Tuesday, March 29, 2011

Yankee imperialist running dogs

WHY HAVE old school communists, loathsome tyrants and bad guys (real and fictional) corned the market on the best quotable putdowns? From simple observations to truisms to insults, they always seem to have the edge.

Like perpetually being on the losing side of a “Yo Mamma” joke contest, us nice folks keep coming up short. It’s embarrassing. Oh, sure, we in the West come up with gems like “The Arsenal of Democracy” or “Remember the Alamo” or “Mr. Gorbachev, tear down this wall” or “I have but one life to give for my country.” And we congratulate ourselves for sloganeering profundities like “Hope you can believe in” or “Give peace a chance” or even “Shit happens.”

But none of these sayings hold a candle to Chairman Mao’s “Political power grows out of the barrel of a gun.” KA-POW! Take that you miserable – wait for it – "running dogs of capitalism," yet another saying sourced to Mao. Don’t you hate when a Russian Marxist revolutionary like Vladimir Lenin is on the record – forever – for saying, “A lie told often enough becomes the truth?” He’s right, and there’s no getting around it. And then there is Joseph “Uncle Joe” Stalin, WWII’s version of Darth Vader. Where does an ex-peasant who was drunk on vodka half the time go to learn immortal but bloodcurdling zingers like “One death is a tragedy; one million is a statistic” or “Gratitude is a sickness suffered by dogs.” Yikes.

Even despotic flunkies have gotten into the act.
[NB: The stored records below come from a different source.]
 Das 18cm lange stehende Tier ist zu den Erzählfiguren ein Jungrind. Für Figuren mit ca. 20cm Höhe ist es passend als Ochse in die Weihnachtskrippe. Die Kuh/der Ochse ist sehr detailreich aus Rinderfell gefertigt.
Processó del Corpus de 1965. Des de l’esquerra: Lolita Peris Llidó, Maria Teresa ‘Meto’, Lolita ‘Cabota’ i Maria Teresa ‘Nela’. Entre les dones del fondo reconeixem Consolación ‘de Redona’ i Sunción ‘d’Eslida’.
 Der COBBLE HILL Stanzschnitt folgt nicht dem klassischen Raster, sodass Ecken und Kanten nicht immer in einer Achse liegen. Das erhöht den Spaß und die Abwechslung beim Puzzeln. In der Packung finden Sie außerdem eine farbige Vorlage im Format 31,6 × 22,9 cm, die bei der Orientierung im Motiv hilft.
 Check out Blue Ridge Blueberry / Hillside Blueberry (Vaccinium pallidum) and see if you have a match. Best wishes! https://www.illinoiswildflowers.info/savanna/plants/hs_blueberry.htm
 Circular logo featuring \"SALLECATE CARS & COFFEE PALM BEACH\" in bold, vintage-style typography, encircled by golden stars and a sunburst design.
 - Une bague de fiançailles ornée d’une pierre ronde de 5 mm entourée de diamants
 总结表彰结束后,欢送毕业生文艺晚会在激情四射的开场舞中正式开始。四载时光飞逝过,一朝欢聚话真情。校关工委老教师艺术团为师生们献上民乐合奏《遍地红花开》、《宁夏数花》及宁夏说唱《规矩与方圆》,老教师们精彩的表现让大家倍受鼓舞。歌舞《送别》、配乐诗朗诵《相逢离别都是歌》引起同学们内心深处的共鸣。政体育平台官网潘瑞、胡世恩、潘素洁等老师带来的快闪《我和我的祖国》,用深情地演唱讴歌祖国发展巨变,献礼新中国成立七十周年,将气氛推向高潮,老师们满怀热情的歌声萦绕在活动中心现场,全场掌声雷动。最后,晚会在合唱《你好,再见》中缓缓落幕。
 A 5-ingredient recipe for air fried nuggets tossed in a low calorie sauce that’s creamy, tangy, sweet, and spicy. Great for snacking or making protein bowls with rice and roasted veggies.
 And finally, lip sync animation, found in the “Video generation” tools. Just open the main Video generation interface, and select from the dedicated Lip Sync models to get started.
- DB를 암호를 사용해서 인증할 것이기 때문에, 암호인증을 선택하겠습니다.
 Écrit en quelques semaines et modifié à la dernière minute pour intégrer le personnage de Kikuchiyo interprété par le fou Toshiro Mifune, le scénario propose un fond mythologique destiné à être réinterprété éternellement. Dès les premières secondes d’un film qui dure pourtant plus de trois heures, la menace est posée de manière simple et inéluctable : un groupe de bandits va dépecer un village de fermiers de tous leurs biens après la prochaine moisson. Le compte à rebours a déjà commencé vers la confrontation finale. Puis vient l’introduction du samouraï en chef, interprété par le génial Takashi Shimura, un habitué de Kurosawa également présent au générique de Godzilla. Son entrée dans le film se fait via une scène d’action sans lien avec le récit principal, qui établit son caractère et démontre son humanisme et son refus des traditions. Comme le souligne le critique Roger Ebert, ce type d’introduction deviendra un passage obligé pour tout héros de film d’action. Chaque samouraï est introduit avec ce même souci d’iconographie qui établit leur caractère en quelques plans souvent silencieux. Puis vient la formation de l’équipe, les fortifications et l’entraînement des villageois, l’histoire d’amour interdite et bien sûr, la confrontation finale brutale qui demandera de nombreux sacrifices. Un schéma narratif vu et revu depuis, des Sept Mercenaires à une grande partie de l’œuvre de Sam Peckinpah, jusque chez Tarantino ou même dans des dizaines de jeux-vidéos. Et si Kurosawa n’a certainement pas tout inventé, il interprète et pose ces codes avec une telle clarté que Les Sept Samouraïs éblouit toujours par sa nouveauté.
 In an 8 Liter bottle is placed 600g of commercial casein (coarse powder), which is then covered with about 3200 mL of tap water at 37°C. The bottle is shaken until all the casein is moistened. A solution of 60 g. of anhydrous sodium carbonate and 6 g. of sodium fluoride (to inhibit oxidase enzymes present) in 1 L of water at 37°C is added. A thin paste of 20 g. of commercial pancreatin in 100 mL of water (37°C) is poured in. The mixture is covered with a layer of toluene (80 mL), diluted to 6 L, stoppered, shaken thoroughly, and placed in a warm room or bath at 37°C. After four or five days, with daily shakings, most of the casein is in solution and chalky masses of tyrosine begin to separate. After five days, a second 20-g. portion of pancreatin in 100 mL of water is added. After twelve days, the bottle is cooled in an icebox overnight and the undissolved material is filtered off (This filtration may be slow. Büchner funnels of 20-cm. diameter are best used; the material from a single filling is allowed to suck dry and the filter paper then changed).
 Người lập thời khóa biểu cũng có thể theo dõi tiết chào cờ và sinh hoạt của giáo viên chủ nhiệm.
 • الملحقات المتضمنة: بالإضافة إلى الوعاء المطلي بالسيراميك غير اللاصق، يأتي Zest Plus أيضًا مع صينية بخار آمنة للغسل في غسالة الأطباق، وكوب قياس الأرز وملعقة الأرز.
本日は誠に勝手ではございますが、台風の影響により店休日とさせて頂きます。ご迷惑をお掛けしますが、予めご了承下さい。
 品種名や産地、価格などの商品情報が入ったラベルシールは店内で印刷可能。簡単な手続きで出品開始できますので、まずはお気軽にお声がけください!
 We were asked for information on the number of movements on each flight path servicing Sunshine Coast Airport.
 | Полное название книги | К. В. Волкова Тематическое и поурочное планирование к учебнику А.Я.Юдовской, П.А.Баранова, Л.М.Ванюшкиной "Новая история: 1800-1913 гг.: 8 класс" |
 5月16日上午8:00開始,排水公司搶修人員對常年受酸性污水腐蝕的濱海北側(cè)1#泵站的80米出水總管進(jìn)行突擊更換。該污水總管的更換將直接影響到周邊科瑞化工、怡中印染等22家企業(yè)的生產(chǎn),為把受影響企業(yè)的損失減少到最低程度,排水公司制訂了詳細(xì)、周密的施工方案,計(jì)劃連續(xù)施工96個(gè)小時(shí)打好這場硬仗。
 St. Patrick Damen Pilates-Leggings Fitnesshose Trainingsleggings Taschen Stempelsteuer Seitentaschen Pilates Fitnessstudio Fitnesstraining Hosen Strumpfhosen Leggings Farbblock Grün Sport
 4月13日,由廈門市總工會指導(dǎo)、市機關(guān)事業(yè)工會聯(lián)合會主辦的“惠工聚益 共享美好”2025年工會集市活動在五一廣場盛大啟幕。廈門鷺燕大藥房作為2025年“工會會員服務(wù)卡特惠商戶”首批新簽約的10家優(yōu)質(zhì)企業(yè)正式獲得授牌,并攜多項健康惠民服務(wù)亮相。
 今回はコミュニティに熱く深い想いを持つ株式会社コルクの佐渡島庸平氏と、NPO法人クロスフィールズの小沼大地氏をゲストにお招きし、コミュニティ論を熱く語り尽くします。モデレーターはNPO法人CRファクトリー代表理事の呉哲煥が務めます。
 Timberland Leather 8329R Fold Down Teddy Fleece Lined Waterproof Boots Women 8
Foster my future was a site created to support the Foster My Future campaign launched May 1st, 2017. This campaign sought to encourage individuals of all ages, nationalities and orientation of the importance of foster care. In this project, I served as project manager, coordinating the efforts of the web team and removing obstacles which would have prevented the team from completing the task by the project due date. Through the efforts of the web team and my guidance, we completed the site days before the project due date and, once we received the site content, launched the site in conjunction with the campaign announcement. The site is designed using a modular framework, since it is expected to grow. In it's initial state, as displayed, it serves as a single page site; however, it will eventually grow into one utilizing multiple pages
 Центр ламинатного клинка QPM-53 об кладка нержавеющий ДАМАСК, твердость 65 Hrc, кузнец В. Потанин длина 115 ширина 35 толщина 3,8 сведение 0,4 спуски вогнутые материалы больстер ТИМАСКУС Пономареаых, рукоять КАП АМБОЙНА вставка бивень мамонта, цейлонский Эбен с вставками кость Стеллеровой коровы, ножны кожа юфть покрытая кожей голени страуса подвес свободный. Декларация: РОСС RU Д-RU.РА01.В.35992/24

During China's Boxer Rebellion, a minor Chinese official succinctly expressed his disdain for foreigners: "Take away your missionaries and your opium and you will be welcome." The speechless Britisher on the receiving end of that brief obviously “got served” big-time. Oh, and on your way out, just disregard all of those “Yankee Go Home” placards, another anti-West slogan that has endured the test of time.

And who can forget Saddam Hussein’s timeless pledge to wage “The Mother of all Battles” against us in the first Gulf War. True, we kicked his butt and turned his phrase into a punch line. But Saddam words are hopelessly part of our vernacular now, right? Rhetorically, heads he wins, tails we lose.

Which brings us to our latest tormentor: Muammar Muhammad al-Qaddafi. Now that we’re bombing his desert nation back to the proverbial Stone Age, the “Mad Dog of Libya” has taken to calling us the “Crusader, Colonial Aggressors.” Happily, this doesn’t ring like, say, “Yankee imperialist running dogs.” Maybe we’ll get lucky and Qaddaffi’s words won’t stick to the sands of time like those of his fellow despots.

Let’s face it, when it comes to rhetorical putdowns, tyrants do it better. So, I guess we in the West will just have to live with being despised as the “foreign devils” as the price of our freedom – and our right to “make love, not war” slogans.